Бывалые коты отмечаются с особой залихватской небрежностью, с наигранной скукой
на косматых мордах, как Клаус, например. Несколько капель, чтобы только оставить
след. Здесь был... а дальше все известно. Как всякий мастер, кот экономен в
средствах. Никакой показухи! А новичок - это угроза, его старательность и
отсутствие меры ужасают... Макс стоит в углу, на роже горделивое выражение и
особая задумчивость, присущая детям, испытывающим подгузник. Зуб торчит, и язык
высунул от усердия. Я кричу ему, что хватит, но не тут-то было - он поливает
занавеску, используя весь запас! И победно уходит. Хрюша поет песнь отчаяния и
надежды, брякается о форточку плотно сбитым тельцем, и вниз; он должен
участвовать лично и не доверяет письменным сообщениям. Я говорил уже, он по
натуре художник, а не писатель... На пороге Клаус, он долго нюхает Максову
расписку, брезгливо морщится - и небрежным штрихом перечеркивает старания
молодого карьериста. Подходит ко мне и не верит глазам - я один! Он долго
думает, проверяет обстановку - никого!.. Тогда прыгает. Я глажу его спутанную
гриву, трогаю сморщенное левое ухо, крошечное, жесткое... Он не возражает, и
принимается оглушительно громко петь, с легким взвизгиванием, что странно
слышать от огромного лохматого существа со свирепой изрытой шрамами мордой, она
распухла и расплылась, но разрез глаз все тот же - косой, с приподнятыми к ушам
углами. И я вспоминаю, как в детстве звал его - китайчонок...
Но тут пришлепала Люська и все испортила! Клаус ее первый любовник. Он понюхал
ей нос, вздохнул и отвернулся, а она долго тыкалась в его шерсть в разных
местах, и наконец, пристроилась к боку, греясь его теплом, и моим. Все
происходит у меня на коленях, а машинка рядом, я перегнулся к ней, мне неудобно,
но приятно, что после любви иногда остается дружба.
43. Четырнадцатого декабря, снега все нет...

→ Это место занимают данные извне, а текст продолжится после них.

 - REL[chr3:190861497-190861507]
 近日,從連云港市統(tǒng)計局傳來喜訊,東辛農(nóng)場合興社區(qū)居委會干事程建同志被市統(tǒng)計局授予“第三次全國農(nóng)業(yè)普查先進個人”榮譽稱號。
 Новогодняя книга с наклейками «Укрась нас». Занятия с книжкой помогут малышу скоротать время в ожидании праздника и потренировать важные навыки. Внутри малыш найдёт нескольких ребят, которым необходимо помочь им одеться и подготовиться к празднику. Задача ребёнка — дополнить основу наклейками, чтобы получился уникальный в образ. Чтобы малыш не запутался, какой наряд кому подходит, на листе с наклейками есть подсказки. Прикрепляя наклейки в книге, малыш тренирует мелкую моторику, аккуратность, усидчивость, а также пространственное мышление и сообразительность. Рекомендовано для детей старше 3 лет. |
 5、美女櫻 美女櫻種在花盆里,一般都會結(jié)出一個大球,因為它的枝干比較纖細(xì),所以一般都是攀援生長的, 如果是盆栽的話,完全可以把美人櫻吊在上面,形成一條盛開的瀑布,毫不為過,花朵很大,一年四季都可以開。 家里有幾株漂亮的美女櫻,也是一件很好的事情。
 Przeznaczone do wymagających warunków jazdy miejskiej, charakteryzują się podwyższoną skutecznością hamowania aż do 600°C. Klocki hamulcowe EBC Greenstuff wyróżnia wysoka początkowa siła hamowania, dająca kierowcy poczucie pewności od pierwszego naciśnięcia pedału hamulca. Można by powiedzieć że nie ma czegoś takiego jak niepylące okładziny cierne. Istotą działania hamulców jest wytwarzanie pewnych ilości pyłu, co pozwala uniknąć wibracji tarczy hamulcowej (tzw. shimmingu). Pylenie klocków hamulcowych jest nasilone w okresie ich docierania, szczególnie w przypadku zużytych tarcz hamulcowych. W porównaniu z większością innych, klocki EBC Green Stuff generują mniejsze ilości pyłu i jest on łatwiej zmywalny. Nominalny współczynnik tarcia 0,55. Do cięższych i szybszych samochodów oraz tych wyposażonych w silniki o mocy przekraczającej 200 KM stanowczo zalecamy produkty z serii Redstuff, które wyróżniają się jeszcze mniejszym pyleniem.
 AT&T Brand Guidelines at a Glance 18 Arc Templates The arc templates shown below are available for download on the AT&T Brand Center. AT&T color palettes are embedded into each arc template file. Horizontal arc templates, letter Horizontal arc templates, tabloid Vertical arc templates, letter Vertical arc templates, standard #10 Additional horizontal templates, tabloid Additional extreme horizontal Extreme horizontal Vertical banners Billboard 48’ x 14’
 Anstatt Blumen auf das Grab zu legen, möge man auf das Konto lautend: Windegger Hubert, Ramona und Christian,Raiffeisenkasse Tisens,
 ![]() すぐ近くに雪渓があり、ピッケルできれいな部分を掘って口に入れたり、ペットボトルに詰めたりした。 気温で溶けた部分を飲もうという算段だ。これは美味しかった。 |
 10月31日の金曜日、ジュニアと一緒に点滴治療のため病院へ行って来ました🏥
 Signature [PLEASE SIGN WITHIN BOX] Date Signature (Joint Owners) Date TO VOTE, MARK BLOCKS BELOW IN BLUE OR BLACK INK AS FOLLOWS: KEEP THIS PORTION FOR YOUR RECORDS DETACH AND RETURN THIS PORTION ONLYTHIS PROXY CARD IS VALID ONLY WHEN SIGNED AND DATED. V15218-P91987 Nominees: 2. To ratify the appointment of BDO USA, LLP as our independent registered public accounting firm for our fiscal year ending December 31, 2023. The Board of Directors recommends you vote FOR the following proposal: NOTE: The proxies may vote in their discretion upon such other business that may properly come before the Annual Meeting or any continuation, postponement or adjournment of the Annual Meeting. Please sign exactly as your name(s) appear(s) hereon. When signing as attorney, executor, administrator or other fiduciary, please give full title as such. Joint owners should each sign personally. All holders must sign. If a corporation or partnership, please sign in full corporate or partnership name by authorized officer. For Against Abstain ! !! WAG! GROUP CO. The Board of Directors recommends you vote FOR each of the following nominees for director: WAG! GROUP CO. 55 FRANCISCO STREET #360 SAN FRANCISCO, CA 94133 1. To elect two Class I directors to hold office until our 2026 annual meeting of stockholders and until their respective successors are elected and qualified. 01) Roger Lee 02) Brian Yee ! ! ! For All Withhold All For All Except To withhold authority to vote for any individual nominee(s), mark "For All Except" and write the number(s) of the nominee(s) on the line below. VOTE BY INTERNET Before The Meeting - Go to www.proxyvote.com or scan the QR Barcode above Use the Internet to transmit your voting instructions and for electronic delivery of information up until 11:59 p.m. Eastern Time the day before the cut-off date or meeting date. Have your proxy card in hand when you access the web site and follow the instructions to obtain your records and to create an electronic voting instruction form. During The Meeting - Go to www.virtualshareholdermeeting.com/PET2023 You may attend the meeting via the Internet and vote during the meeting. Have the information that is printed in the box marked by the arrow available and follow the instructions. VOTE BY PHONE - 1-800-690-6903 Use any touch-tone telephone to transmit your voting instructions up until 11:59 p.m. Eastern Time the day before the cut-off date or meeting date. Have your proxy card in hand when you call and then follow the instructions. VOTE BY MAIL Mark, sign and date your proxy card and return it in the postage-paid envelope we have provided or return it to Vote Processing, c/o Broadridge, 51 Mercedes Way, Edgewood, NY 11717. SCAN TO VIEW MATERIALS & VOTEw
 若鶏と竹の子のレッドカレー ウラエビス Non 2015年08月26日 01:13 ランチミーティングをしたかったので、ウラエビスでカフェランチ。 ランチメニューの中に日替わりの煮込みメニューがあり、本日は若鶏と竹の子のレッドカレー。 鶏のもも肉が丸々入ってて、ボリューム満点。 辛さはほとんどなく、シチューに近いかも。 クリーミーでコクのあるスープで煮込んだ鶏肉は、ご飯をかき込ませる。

Маленькая рыжеватая собачка крутится вокруг меня, заглядывает в сумку. Я ее знаю
- из той своры, что доконала Шурика. Я бы дал ей молока, но не хватит на мою
компанию. Она понимает, и направляется туда, где за седой травой овраг. Если бы
там построить домик... Холод доконал бы! Я и в доме-то еле выживаю, почти не
топят. Котам хорошо на теплых подвальных трубах, а мне не залезть на трубу;
среди котов я неудачник по части нахождения теплых мест. Но в сильные морозы и
особенно ветры подвал спасает только самых мохнатых, тогда дома им теплей...

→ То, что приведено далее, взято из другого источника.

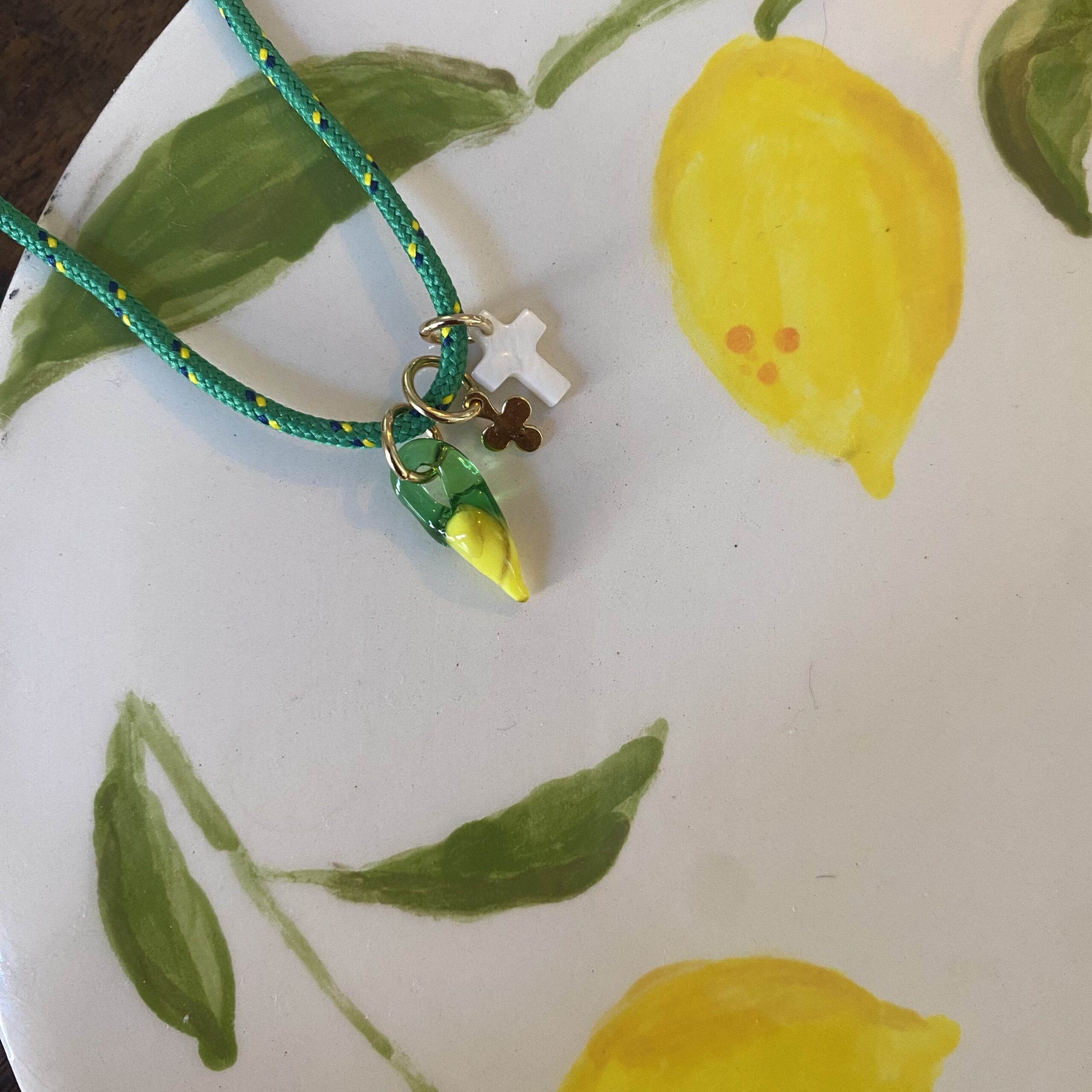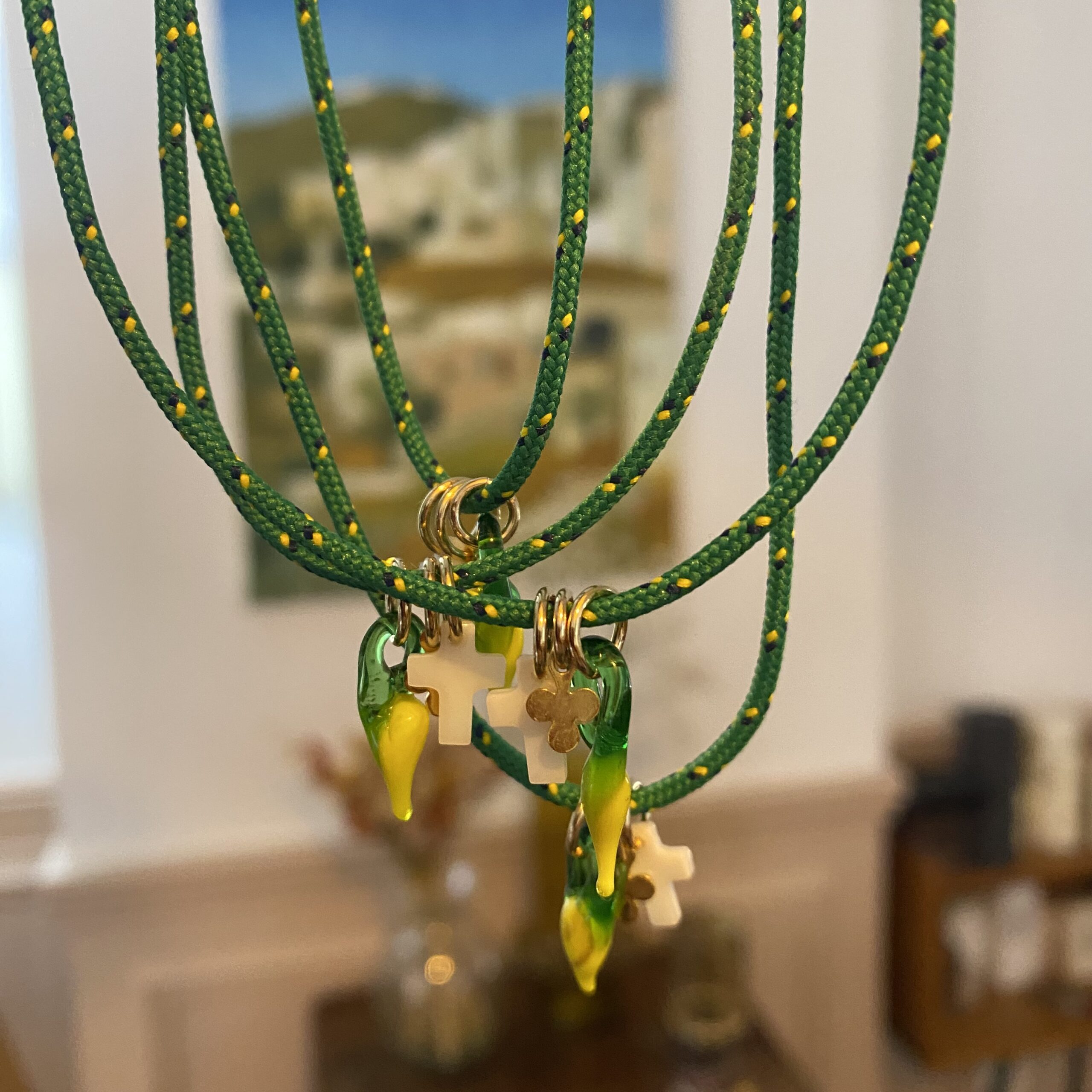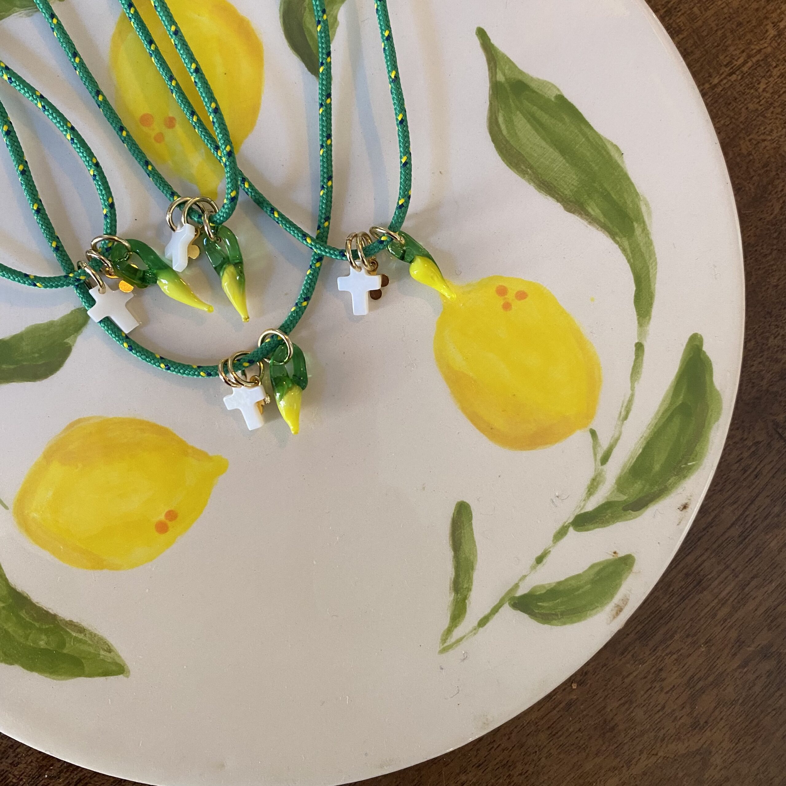 Composé de perles de verre et de détails en plaqué or 3 microns, ce collier met en valeur une croix en nacre naturelle aux reflets irisés. La nacre capte la lumière avec subtilité et apporte une touche à la fois douce, raffinée et intemporelle.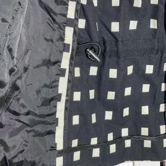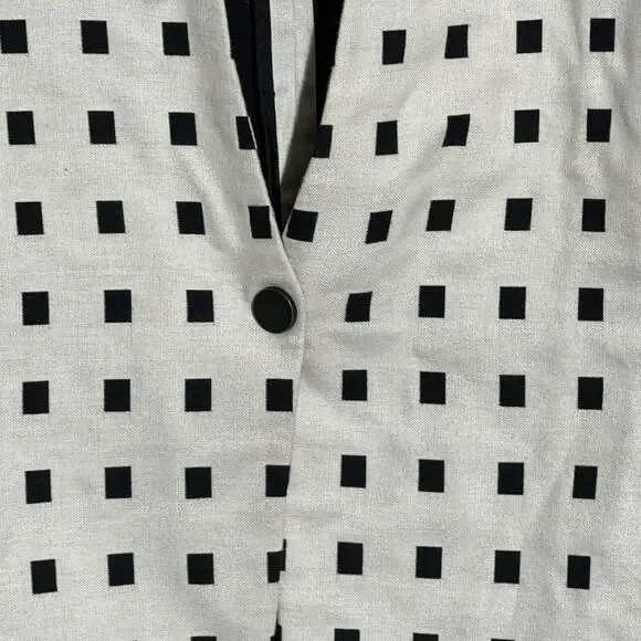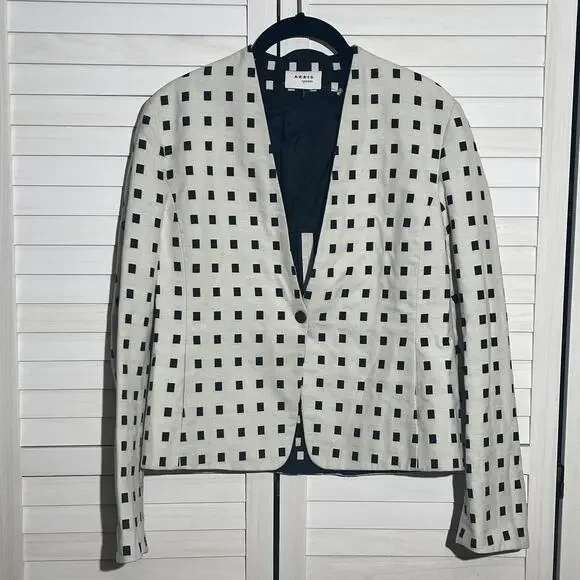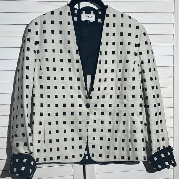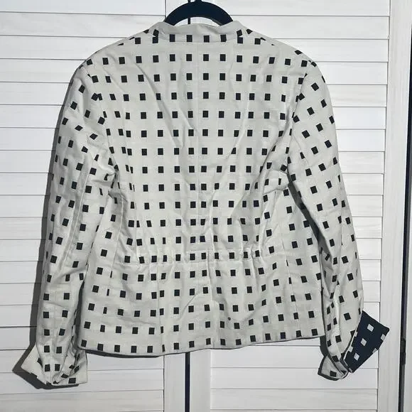 Akris punto black and white cotton blazer jacket in an Abstract Print styling Shawl collar1 button closure Long sleevesFront patch pockets Hip length Tailored silhouette CottonLining: CuproMade in Romania Akris Punto focuses exclusively on designer sportswear, combining the exquisite tailoring for which Swiss label Akris is known with accessibility on a broader scale. This independent collection was started in 1996 and is notable for its well-designed separates, which follow the lead of Akris Creative Director Albert Kriemler.

Макс выходит из травы, никакого внимания собаке. Он знает, одна такая шавка не
справится с ним. Шурик не успел узнать даже того, что понял недотепа Макс,
проживший втрое дольше. Макс видит банку с молоком, облизывается... Люська
прыгает сверху, Хрюша выглядывает из подвала - недоросток, малолетка с глазами
наемного убийцы. Но я вижу в них отчаяние, страх, подозрительность, тщеславие,
неуверенность, которые он скрывает под бандитской маской... У порога
невозмутимый Стив, дома старушка Алиса и Костик. Удача, без усилий я собрал
всех, кого хотел. Нет только Клауса, и Серого давно не вижу. Хотя он не совсем
наш... В подвале сумерки, свет просачивается через окошко под потолком. На
полированном чурбачке тяжелая лохматая туша Клауса. Глажу его, он урчит, идет за
мной, и даже трусцой пробежался, так и кажется, дергается шар живота над ремнем,
явственное ощущение подтягивания штанов...
Молоко все пьют с жадностью, на помойке его не бывает. Зато там встречаются
деликатесы. Друзья чавкают, а я сижу среди прошлогодних картин... Как они здесь
бесились, Люська и Шурик, залезали по занавескам до потолка! Теперь она взрослая
дама, а Шурик давно в земле.. Вчера Алиса играла со мной - ловила пальцы,
покусывала их, чуть задевая кожу. Значит, скоро котята... Уже несколько лет их
трое - серый, рыжий и черный. Про серых я знаю все, отец бродит вокруг нас и сам
требует усыновления. Про черного догадываюсь - виновник Клаус... А рыжий?.. Есть
в девятом рыжий мужичок, я думаю, он отец Шурика.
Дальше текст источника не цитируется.